Keen laughed. "Don't go giving me any ideas. Your real name is your own affair. You say you don't want to go back to your family, and that's not my business, either. But you don't have to continue on with me to pay some debt you feel you owe me. You can leave, Jewels. No guilt, no regrets. You're free to go at any time. You can manage on your own. You're book learned, perhaps you could apprentice to a mage somewhere."
"What mage would take me without g-gold or references? And I will never, ever, go back to my family."
"Are they so terrible?" Merlynn asked gently.
Jewels did not answer immediately. "Y-Yes, and no," she said slowly.

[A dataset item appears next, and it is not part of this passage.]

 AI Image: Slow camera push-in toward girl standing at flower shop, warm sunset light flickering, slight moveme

Wraith could feel Jewel's pain even through her own. Betrayal. Fear. They were emotions she understood all too well.
"I don't suppose you can understand what it's like to be r-raised as a proper lady," Jewels continued. "It's...It's terrible. Er, rather, it wasn't so t-terrible until I started reading books. I...I got bored, you see, with doing embroidery and, and all the other things a lady does, and...and it seemed unfair that my brothers could go into the library, but I was f-forbidden. I was taught to read as was proper, but f-father said that reading would only fill my head with silly n-nonsense. Now I-I suppose he was right. But then I-I thought it very unfair, and, w-when I said something about it, he just said that I was not to trouble myself with th-things that only men needed to know. But, but that only made me more curious, so I started sneaking in late at night to read. And I read...stories...books...tales of heroes and battles and adventures. It was f-fun, exciting! It was like, well, I can't explain it...And then father c-caught me. He...He threatened to lock me up at night. And then he started talking about m-marriage, making m-me marry this horrible... well... I-I couldn't bear it. Even my b-brothers... I'll not go back."
"You ran away so you wouldn't have to marry someone you didn't love?" Keen asked in as soft a voice as Wraith had heard her use.

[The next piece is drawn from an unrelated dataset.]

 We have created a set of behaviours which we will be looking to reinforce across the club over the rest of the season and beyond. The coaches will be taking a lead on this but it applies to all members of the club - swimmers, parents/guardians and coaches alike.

Wraith knew it was a lie. Jewels was afraid to go back, but not because of the threat of marriage.
"Surely your father wouldn't force you to marry now that he knows how much you're opposed to the match?" Merlynn said.

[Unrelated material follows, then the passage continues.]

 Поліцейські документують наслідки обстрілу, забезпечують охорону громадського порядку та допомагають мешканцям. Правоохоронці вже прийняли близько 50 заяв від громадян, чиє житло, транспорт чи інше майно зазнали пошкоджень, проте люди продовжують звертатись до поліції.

"You don't know my f-father," Jewels said.
"Well," Keen said slowly, "Now you find yourself in a tale that's worthy of one of those books you used to read."
"I'm glad you're here," Merlynn said.
Jewels sighed. "I am t-too. Even though this isn't exactly what I had in m-mind when I read the s-stories. One doesn't think about the c-cold and the rain and the d-dirt and the soreness and the hard g-ground when you're just reading about adventures. And I'm afraid that I'm a b-burden to you. I just d-don't know enough to b-be of any help."
"You are, however, willing to try to learn," Keen said brusquely. "And I think that it's time to try another lesson in trapping. I don't want to go back into town, and I don't want to use our rations while we sit around here waiting. Come along and we'll set some traps for tonight."
"Oh, Keen, m-must we?" Jewels' voice trailed off as they moved away.
"Yes, we must. You're too squeamish. One of these days you'll have to skin them, too..."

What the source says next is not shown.